IP: Use at 2-5 µg/mg of lysate.
WB: 1/2000 - 1/10000. Predicted molecular weight: 90 kDa.
Not yet tested in other applications.
Optimal dilutions/concentrations should be determined by the end user.
Ubiquitin-editing enzyme that contains both ubiquitin ligase and deubiquitinase activities. Essential component of a ubiquitin-editing protein complex, comprising also RNF11, ITCH and TAX1BP1, that ensures the transient nature of inflammatory signaling pathways. Upon TNF stimulation, deubiquitinates 'Lys-63'-polyubiquitin chains on RIPK1 and catalyzes the formation of 'Lys-48'-polyubiquitin chains. This leads to RIPK1 proteasomal degradation and consequently termination of the TNF- or LPS-mediated activation of NF-kappa-B. In vitro able to deubiquitinate both 'Lys-48'- and 'Lys-63' polyubiquitin chains. Inhibitor of programmed cell death. Has a role in the function of the lymphoid system.
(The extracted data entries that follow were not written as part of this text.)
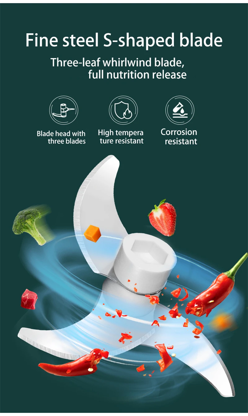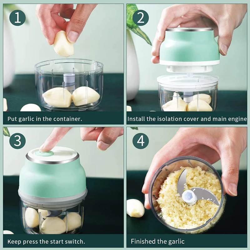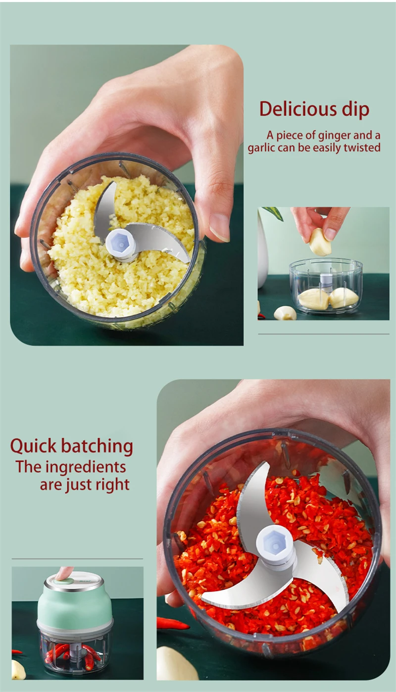 1,150 мл, с 3 острыми лезвиями, это Чоп чеснок, имбирь, перец, овощи, фрукты, мясо и т. Д. И с электрической функцией, сохранить ваше время и отпустить руки. Маленький измельчитель также легко хранить.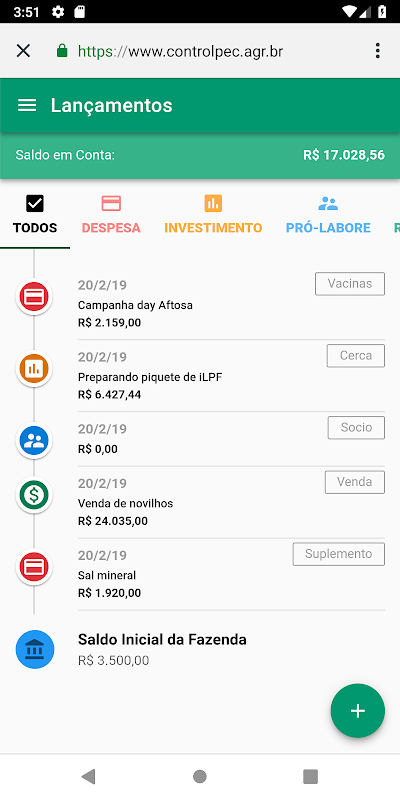 Primeira versão do ControlPec com todas as funcionalidades essenciais para controle financeiro de propriedades rurais da pecuária.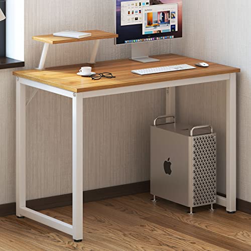 SogesHome Bureau d'ordinateur Table PC de Bureau en Bois et Acier Postes de Travail Informatique pour Ordinateur, 100 x 50 x 75 cm

Belongs to the peptidase C64 family. Contains 7 A20-type zinc fingers. Contains 1 OTU domain.
The A20-type zinc fingers mediate the ubiquitin ligase activity. The OTU domain mediates the deubiquitinase activity.
ab93868, at 1 µg/ml, detecting TNFAIP3 in HeLa whole cell lysate by WB of IP.
Lane 1: IP with ab93868 at 3 µg/mg of lysate.
Lane 2: Control IgG.
1 mg of lysate was used for IP and 20% of the IP was loaded.
Detection: Chemiluminescence an with exposure time of 30 seconds.